## EXERCISE OBJECTIVE
Below are the records; print exactly the lines from the one with "在 104 分钟的时长里,影片带着观众游历了" through the last, both included, and leave the pictures out.

## DATA FOR PROCESSING

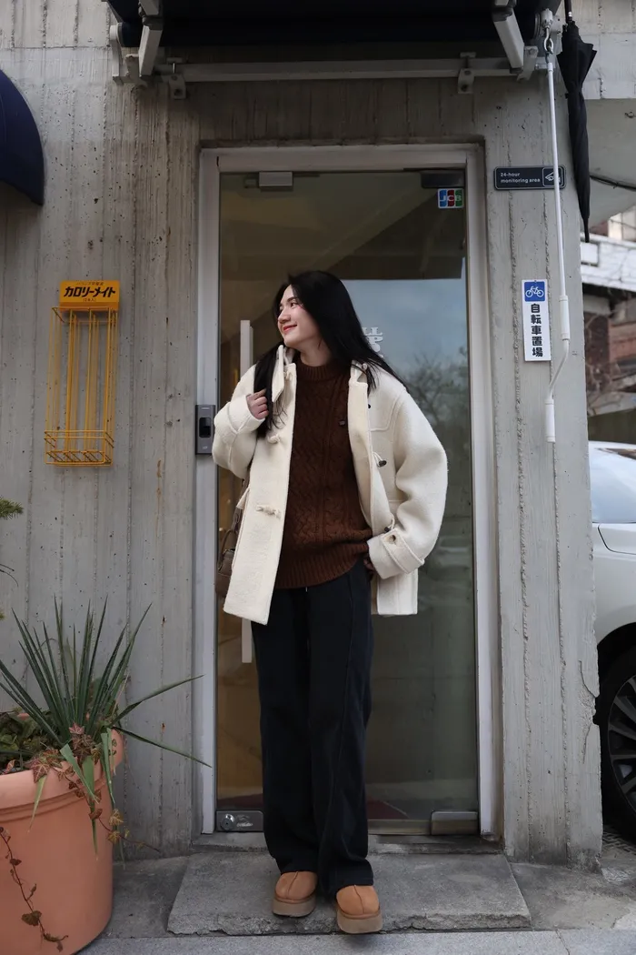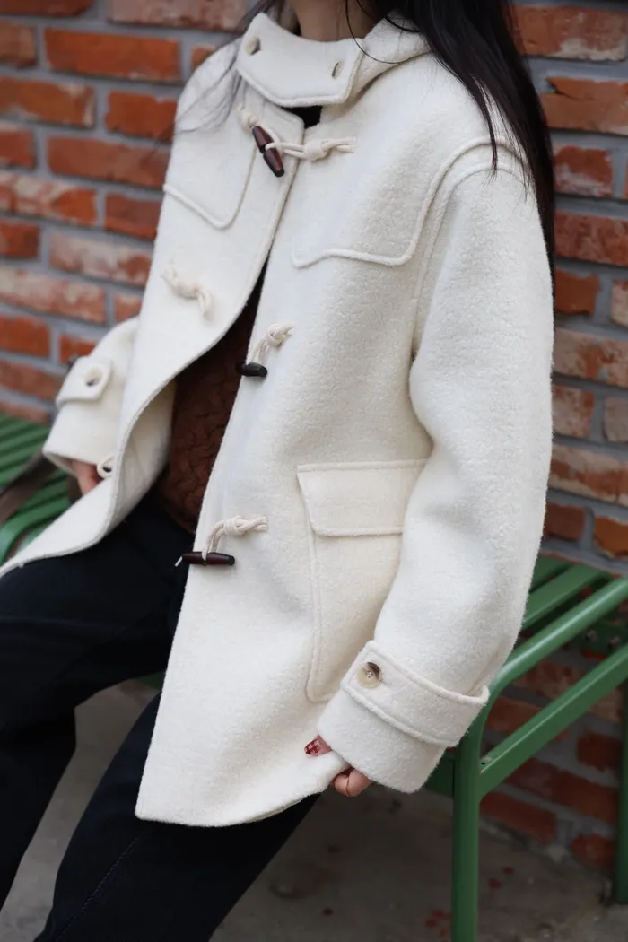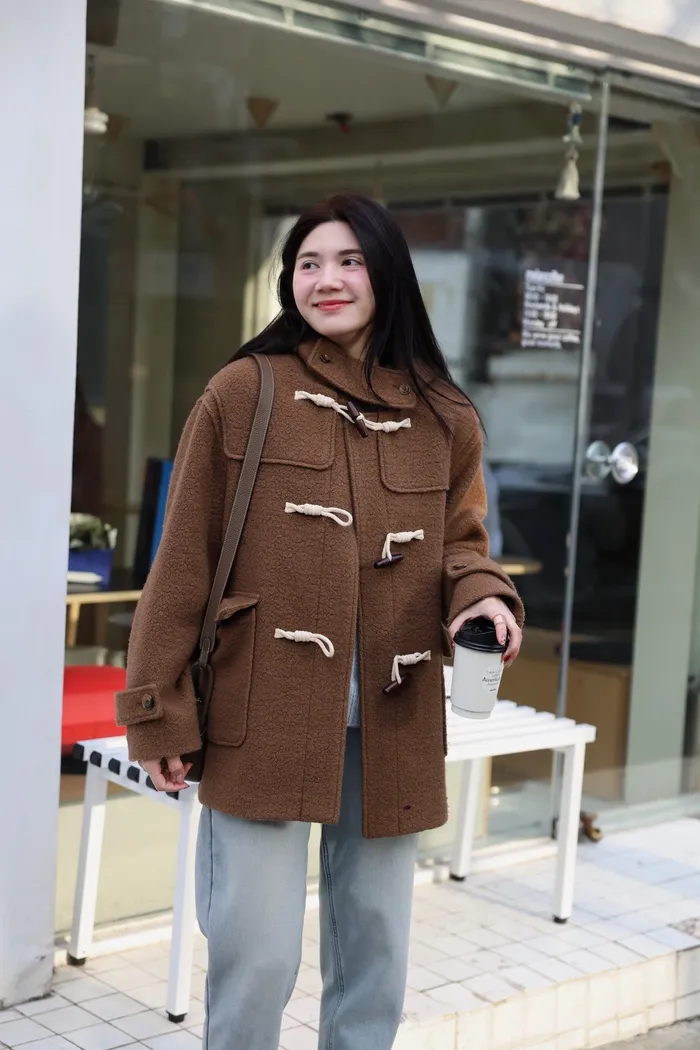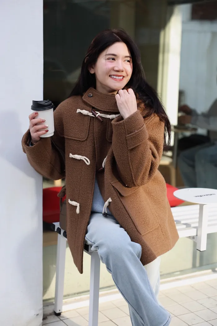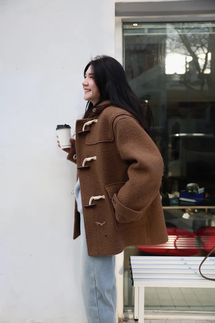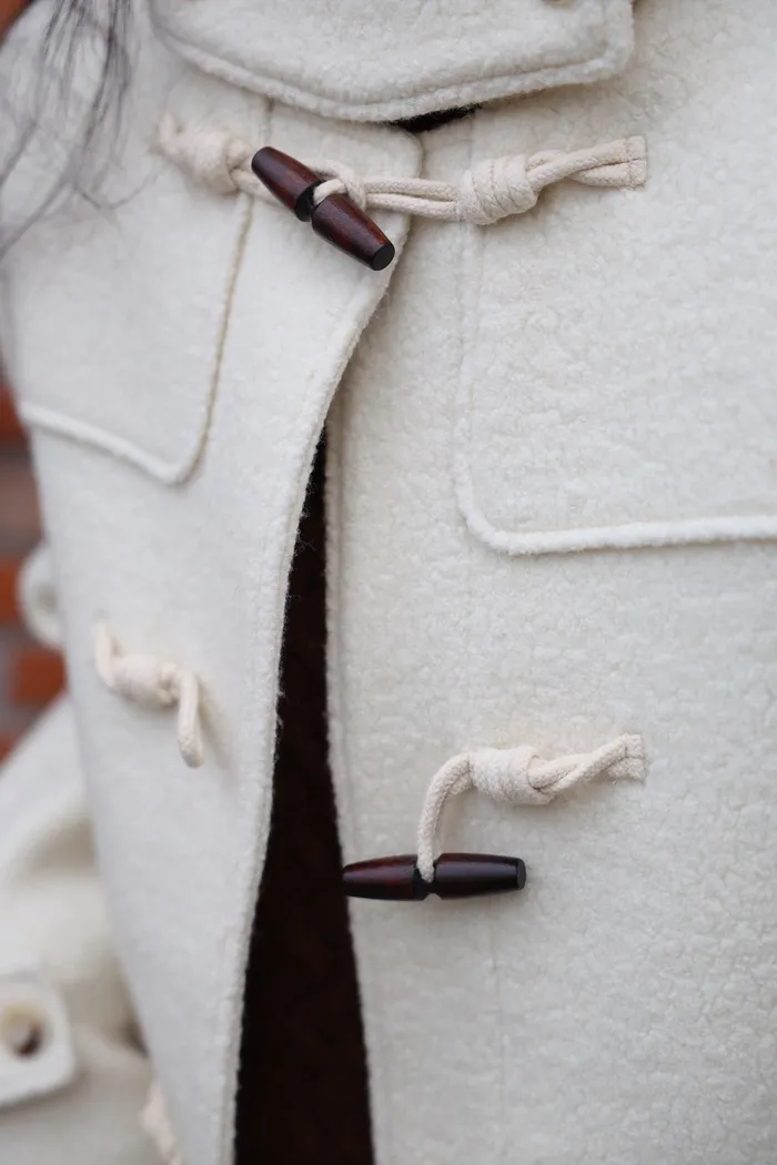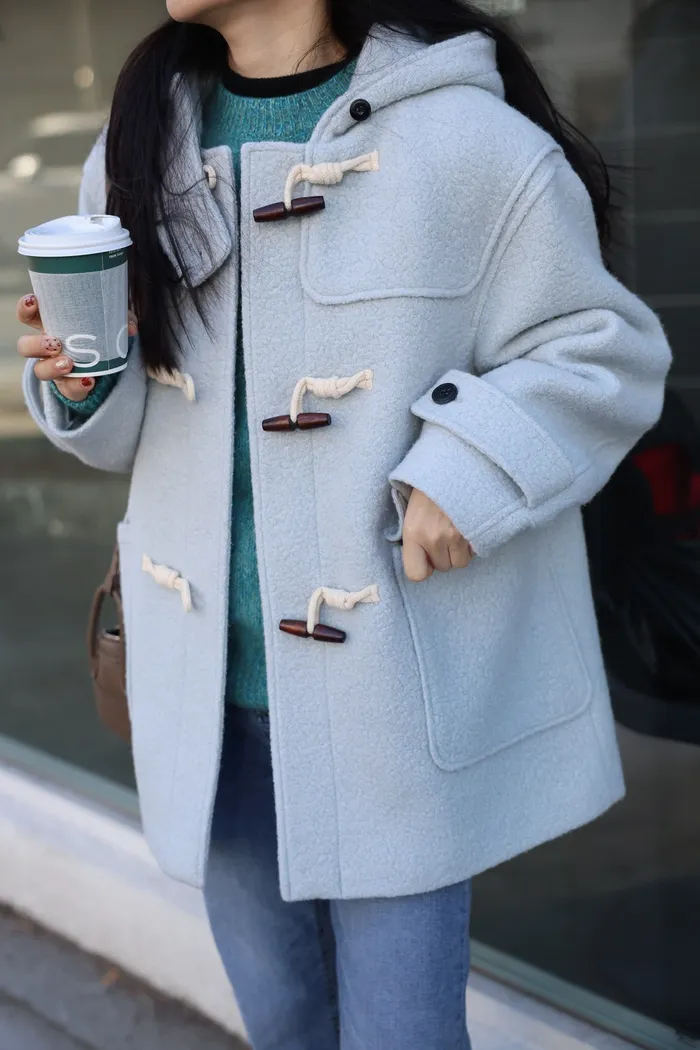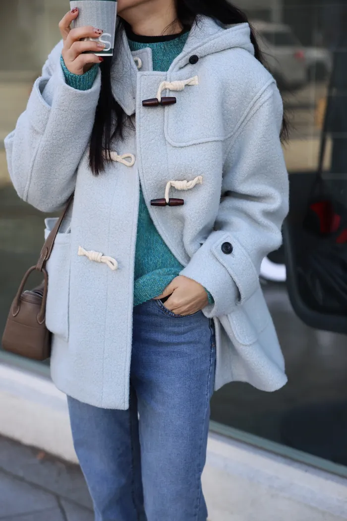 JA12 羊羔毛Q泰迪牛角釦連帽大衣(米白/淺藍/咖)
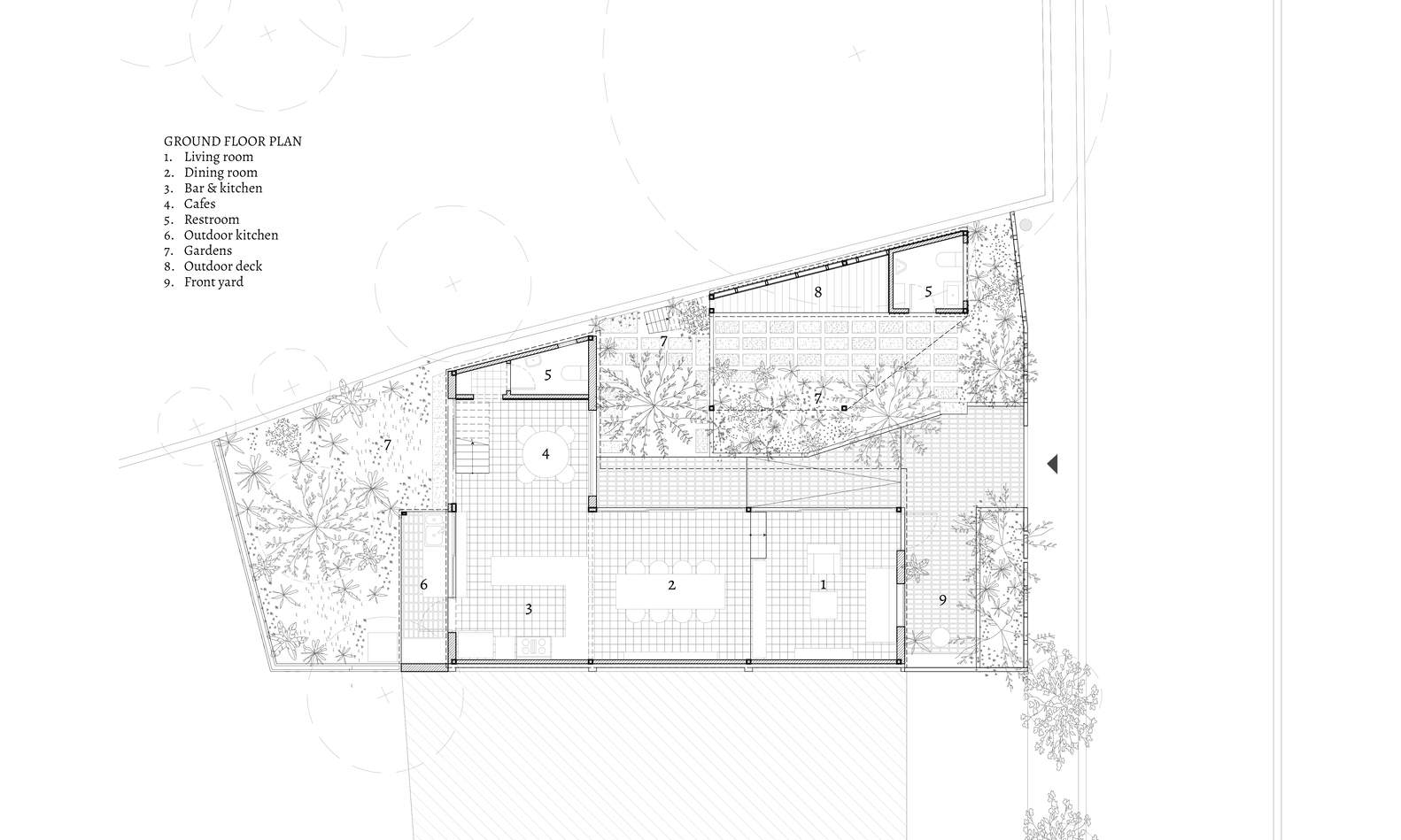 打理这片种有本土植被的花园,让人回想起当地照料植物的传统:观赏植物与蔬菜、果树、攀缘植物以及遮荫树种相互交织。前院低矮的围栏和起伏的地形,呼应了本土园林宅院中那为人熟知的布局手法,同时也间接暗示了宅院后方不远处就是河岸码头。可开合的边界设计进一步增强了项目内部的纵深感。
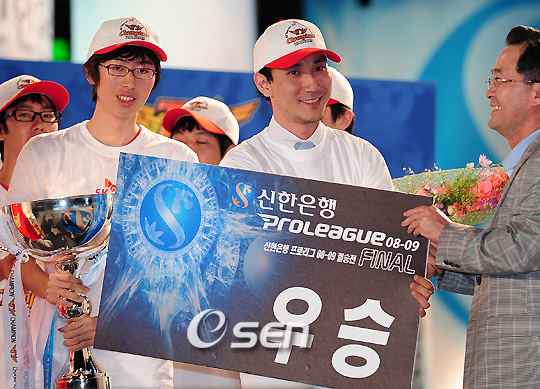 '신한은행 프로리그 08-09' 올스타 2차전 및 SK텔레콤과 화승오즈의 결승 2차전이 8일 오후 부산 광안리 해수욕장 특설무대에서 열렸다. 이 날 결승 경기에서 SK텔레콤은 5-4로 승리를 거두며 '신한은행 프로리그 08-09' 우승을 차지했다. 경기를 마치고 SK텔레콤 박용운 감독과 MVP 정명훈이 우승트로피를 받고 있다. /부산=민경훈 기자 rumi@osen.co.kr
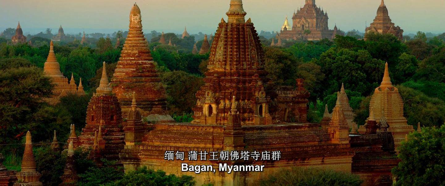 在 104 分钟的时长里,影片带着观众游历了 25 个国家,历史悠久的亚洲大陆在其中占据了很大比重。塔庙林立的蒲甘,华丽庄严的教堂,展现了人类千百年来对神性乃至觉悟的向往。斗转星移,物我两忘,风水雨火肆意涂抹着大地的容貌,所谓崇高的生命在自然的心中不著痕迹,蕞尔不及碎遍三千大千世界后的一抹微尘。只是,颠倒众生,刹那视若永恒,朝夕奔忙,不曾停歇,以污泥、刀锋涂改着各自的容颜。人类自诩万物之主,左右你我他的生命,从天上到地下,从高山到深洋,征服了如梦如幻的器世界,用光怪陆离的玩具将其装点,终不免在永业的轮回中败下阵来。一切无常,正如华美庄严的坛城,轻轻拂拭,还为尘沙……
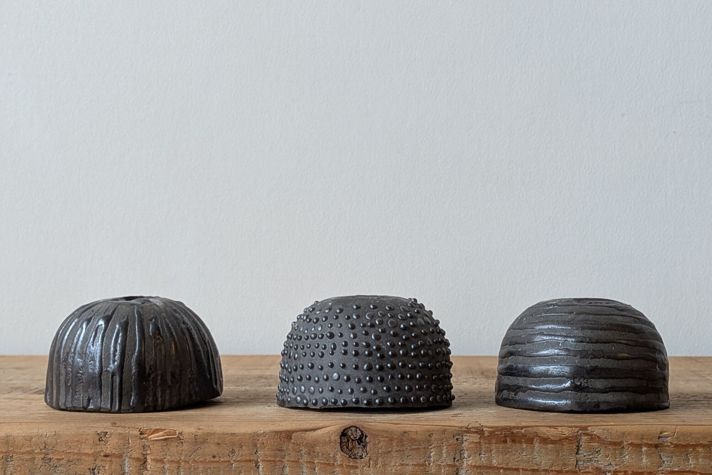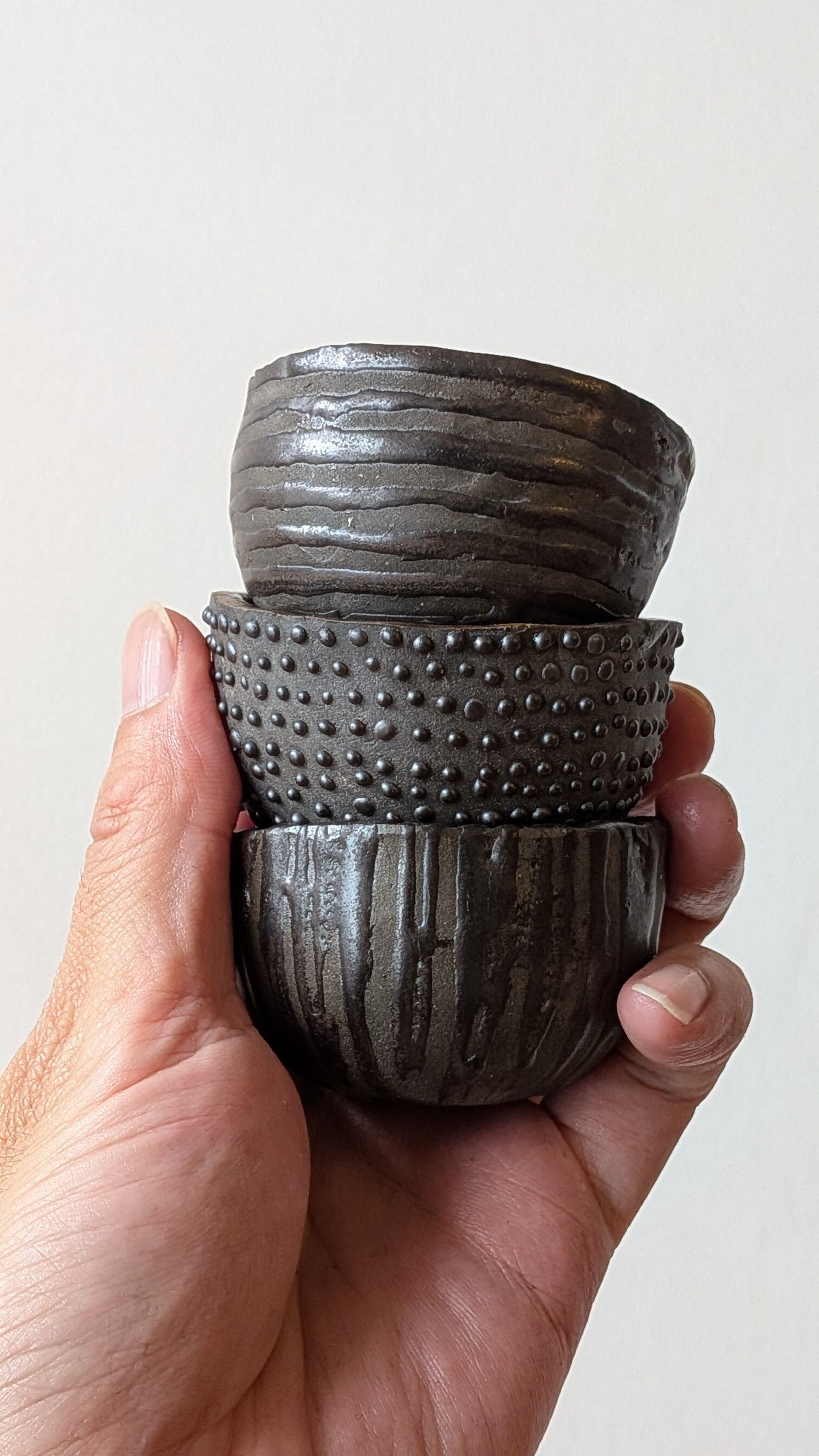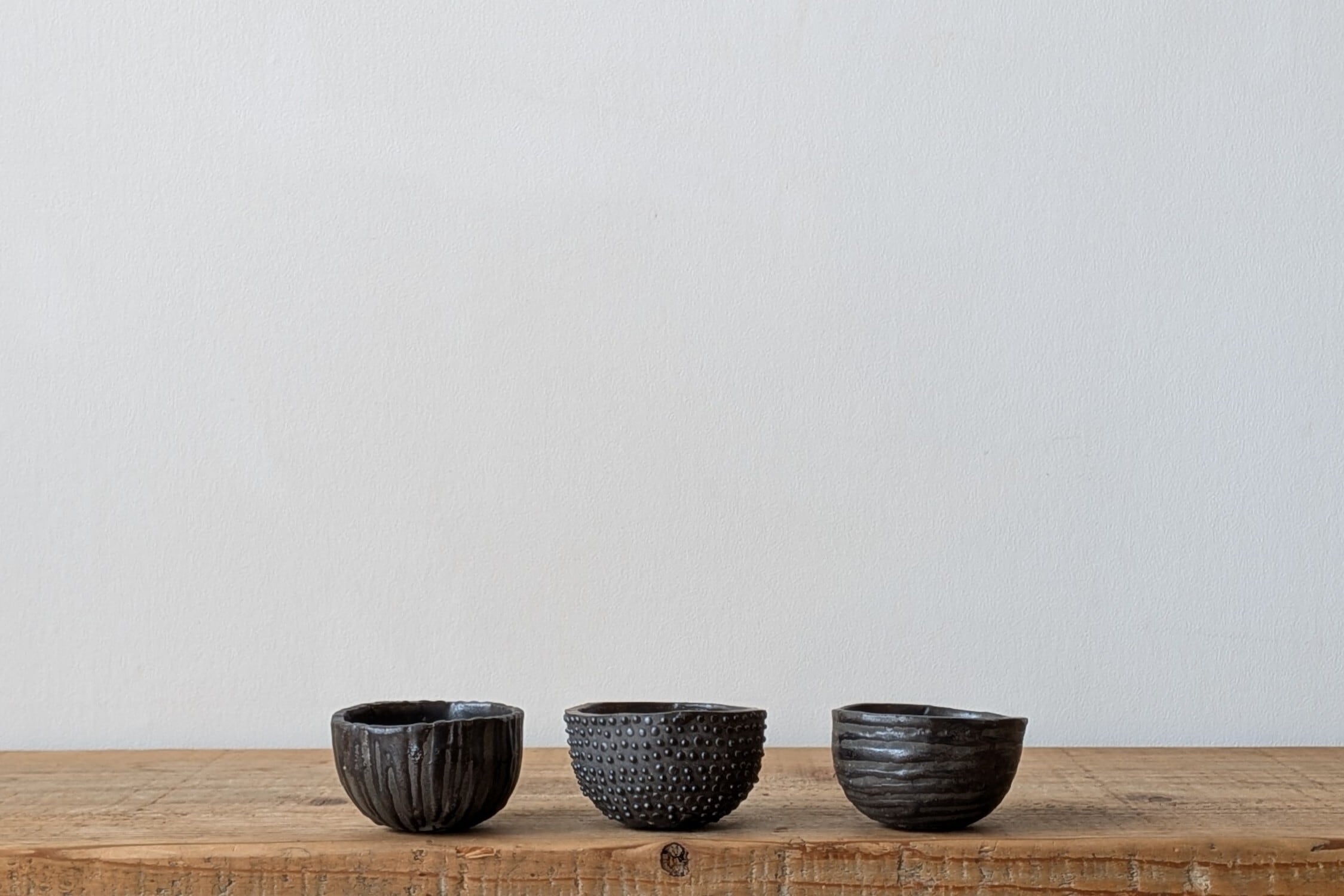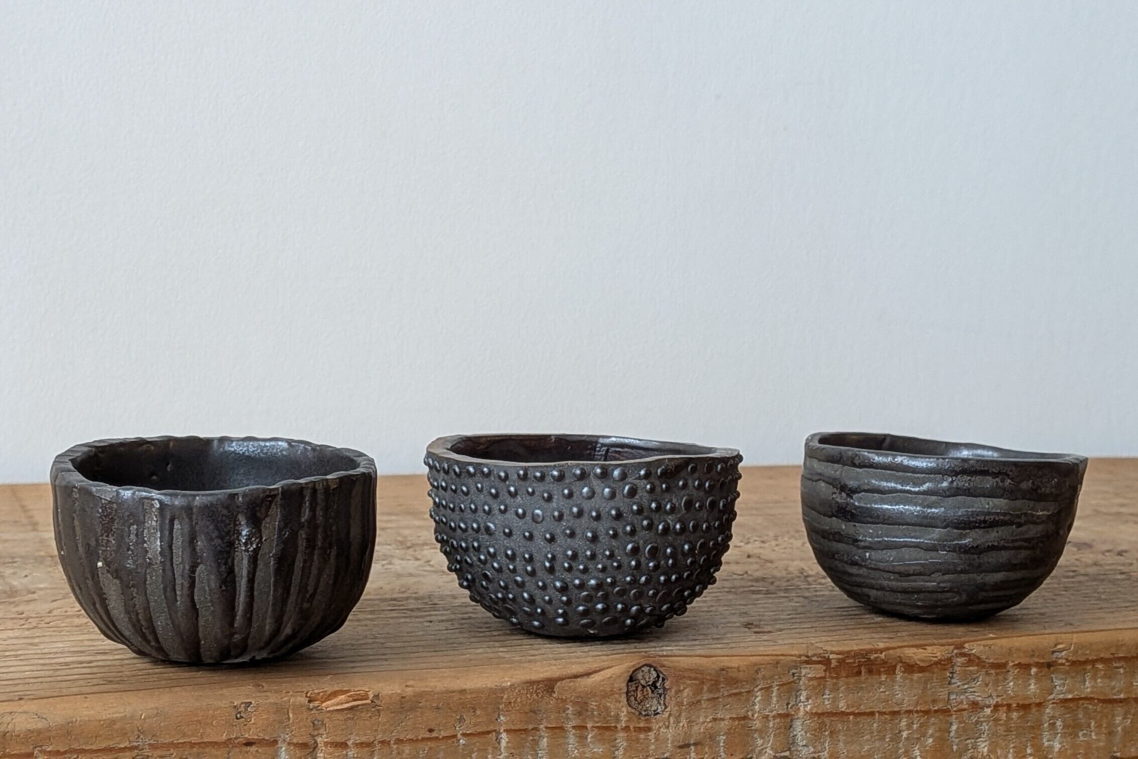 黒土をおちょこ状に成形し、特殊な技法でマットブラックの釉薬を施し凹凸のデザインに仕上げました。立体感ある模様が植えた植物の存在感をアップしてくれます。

## ANSWER SPACE
 在 104 分钟的时长里,影片带着观众游历了 25 个国家,历史悠久的亚洲大陆在其中占据了很大比重。塔庙林立的蒲甘,华丽庄严的教堂,展现了人类千百年来对神性乃至觉悟的向往。斗转星移,物我两忘,风水雨火肆意涂抹着大地的容貌,所谓崇高的生命在自然的心中不著痕迹,蕞尔不及碎遍三千大千世界后的一抹微尘。只是,颠倒众生,刹那视若永恒,朝夕奔忙,不曾停歇,以污泥、刀锋涂改着各自的容颜。人类自诩万物之主,左右你我他的生命,从天上到地下,从高山到深洋,征服了如梦如幻的器世界,用光怪陆离的玩具将其装点,终不免在永业的轮回中败下阵来。一切无常,正如华美庄严的坛城,轻轻拂拭,还为尘沙……
 黒土をおちょこ状に成形し、特殊な技法でマットブラックの釉薬を施し凹凸のデザインに仕上げました。立体感ある模様が植えた植物の存在感をアップしてくれます。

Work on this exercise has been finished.